I have an app with some specs written into minitest. As usual, I start them using rake
.
Because some times I got a random results, my specs can pass one time, and fail an other time.
In this case, I can keep the sequence number and replay it later, after fixing.
Because I have this kind of tests (with a random result), I generally run rake
many time, just to be sure that the app is okay.
I would like to know if there is a nice way to perform multiple rake
tests (100 times for example), and stop them if there any failure or any error?
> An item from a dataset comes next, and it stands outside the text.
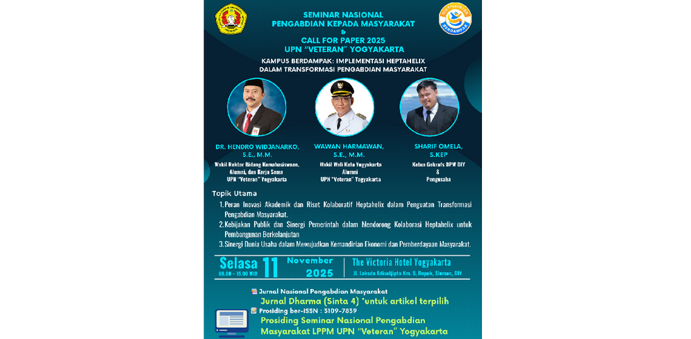 - Prosiding ber- ISSN : 3109-7839 (Prosiding Seminar Nasional Pengabdian Masyarakat LPPM UPN “Veteran” Yogyakarta)

I created a dummy test with random result to simulate your situation:
#store it as file 'testcase.rb'
gem 'test-unit'
require 'test/unit'
class X < Test::Unit::TestCase
def test_1
num = rand(10)
assert_true( num < 5, "Value is #{num}")
end
end
The following task calls the test 10 times and stops after the first failure:
TEST_REPETION = 10
task :test do
TEST_REPETION.times{
stdout = `ruby testcase.rb`
if stdout =~ /\d+\) Failure/
puts "Failure occured"
puts stdout
exit
else
puts 'Tests ok'
end
}
end
For real usage I would adapt some parts:
- Instead
puts 'Tests ok'
define a counter to see how often the test was succussfull
- Instead
puts stdout
you may store the result in a result file?
I think you should think again about your test, not about the test call. A test with a random result looks wrong for me.
What's the random factor in your test? Can you write a mock-element for the random factor and repeat the test with different values for the mock-element. So you get a "complete" test.